Il lavoratore ha la facoltà di sostituire alla malattia la fruizione delle ferie maturate e non godute.
E’ quanto ha stabilito la Corte di Cassazione con ordinanza n. 19062 del 10 luglio-14 settembre 2020, Sez. Lavoro, con cui ha accolto il ricorso di una dipendente che aveva impugnato il licenziamento per giusta causa comminato dal datore, risultando però soccombente nei precedenti gradi di giudizio.
Nel caso in esame, la ricorrente, quando già si trovava in assenza per malattia, aveva richiesto al datore la fruizione di un periodo di ferie di 20 giorni allo scopo di evitare il decorso del periodo di comporto. Il datore le aveva tuttavia concesso un solo giorno di ferie e, pertanto, ritenendo ingiustificate le ulteriori assenze, aveva provveduto al licenziamento per giusta causa.
La Cassazione, accogliendo il ricorso avverso la sentenza di appello, ha invece ritenuto lecita la possibilità per il lavoratore di convertire la malattia con le ferie.
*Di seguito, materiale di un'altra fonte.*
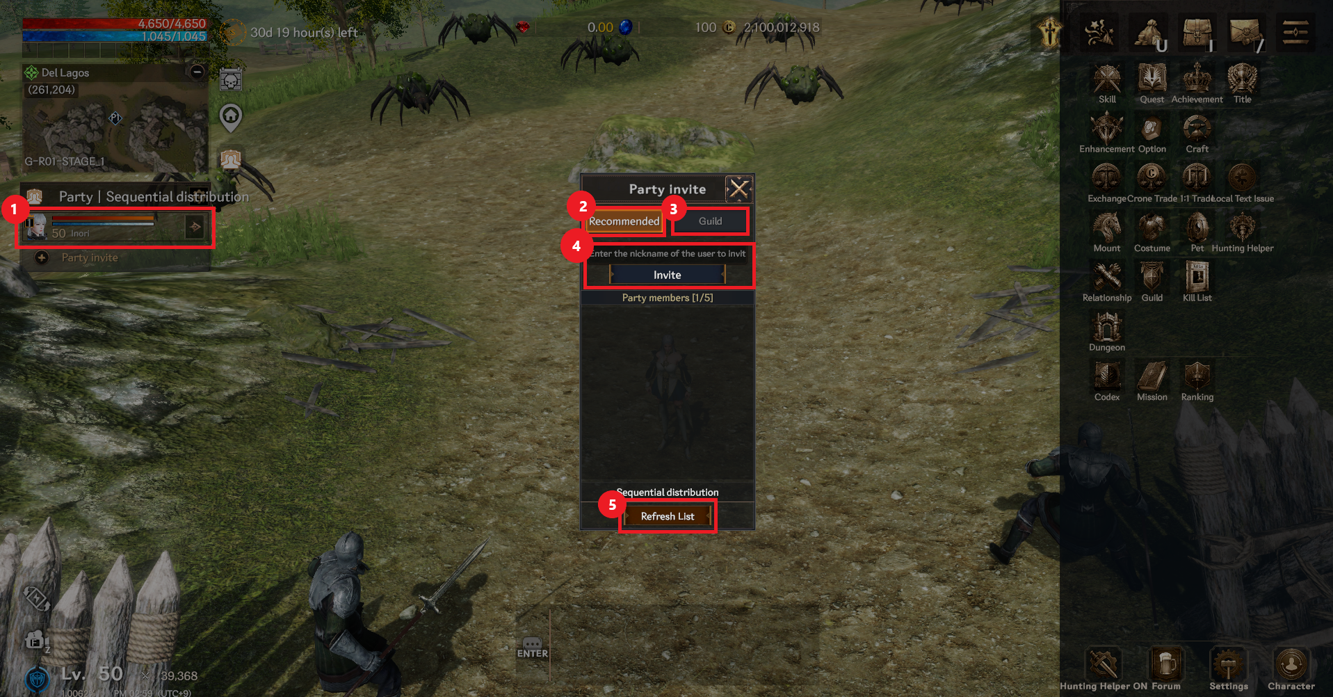 ④ You can invite directly by entering the character name of the adventurer you want to invite.

In particolare, ha valorizzato i canoni della correttezza e buona fede nell’esecuzione del contratto, dichiarando che il datore di lavoro, pur avendo discrezionalità nella scelta sulla concessione o meno delle ferie, deve tener conto del rilevante e fondamentale interesse del lavoratore ad evitare la possibile perdita del posto di lavoro per scadenza del periodo di comporto. In questo bilanciamento di interessi, le ragioni del datore di lavoro, legate alle esigenze organizzative e produttive, possono prevalere solo se siano concrete ed effettive, dovendo in caso contrario il datore concedere necessariamente le ferie.
La Suprema Corte ha dunque ritenuto fondato il ricorso della dipendente, evidenziando che, nel caso di specie, il datore non aveva dedotto alcuna ragione organizzativa che fosse di ostacolo alla concessione delle ferie.